## Your task:
Copy exactly the lines from the line holding "欣然: 恋爱咨询、夫妻家庭关系、亲子关系、 婚姻危机等。" through the end of the material, and no others; pictures stay out.

## Input data:
== Segment start ==

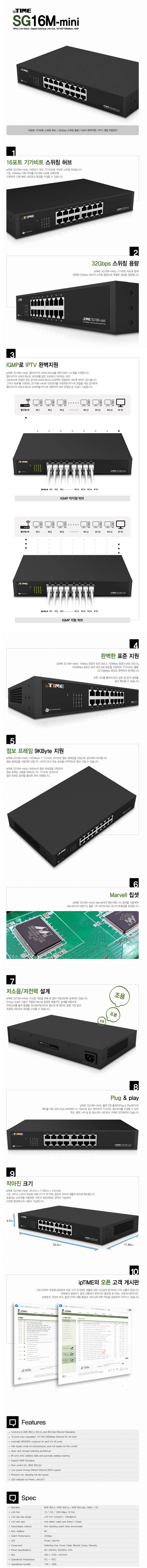 16포트 x 기가비트 이더넷용 x IPTV 셋탑 자동감지
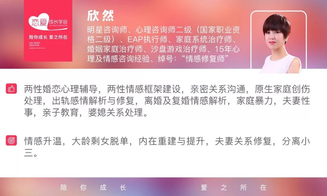 欣然: 恋爱咨询、夫妻家庭关系、亲子关系、 婚姻危机等。
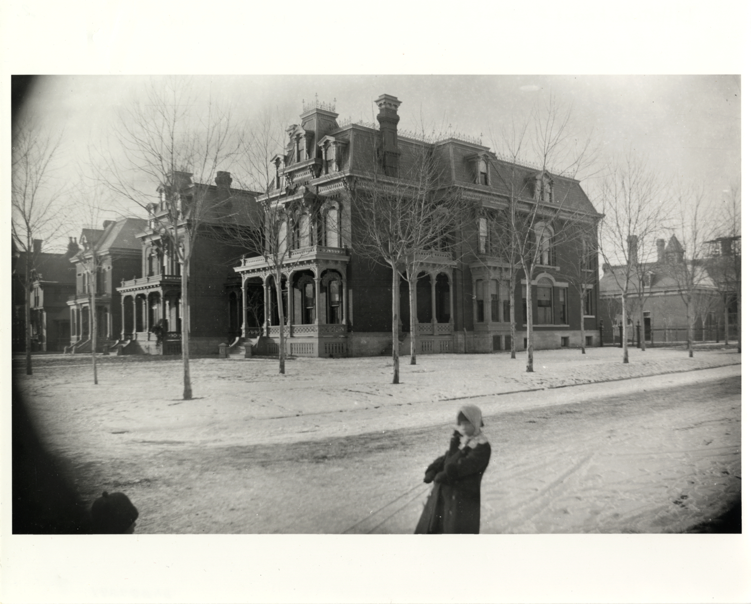 Front and side view of James A. Jones residence, located at 140 Canfield, during winter. Two-story Second Empire style house has mansard roof with cresting at roof line. Carriage house at rear of property. Handwritten on back: "140 Canfield."

== Segment end ==

## Solution below:
 欣然: 恋爱咨询、夫妻家庭关系、亲子关系、 婚姻危机等。
 Front and side view of James A. Jones residence, located at 140 Canfield, during winter. Two-story Second Empire style house has mansard roof with cresting at roof line. Carriage house at rear of property. Handwritten on back: "140 Canfield."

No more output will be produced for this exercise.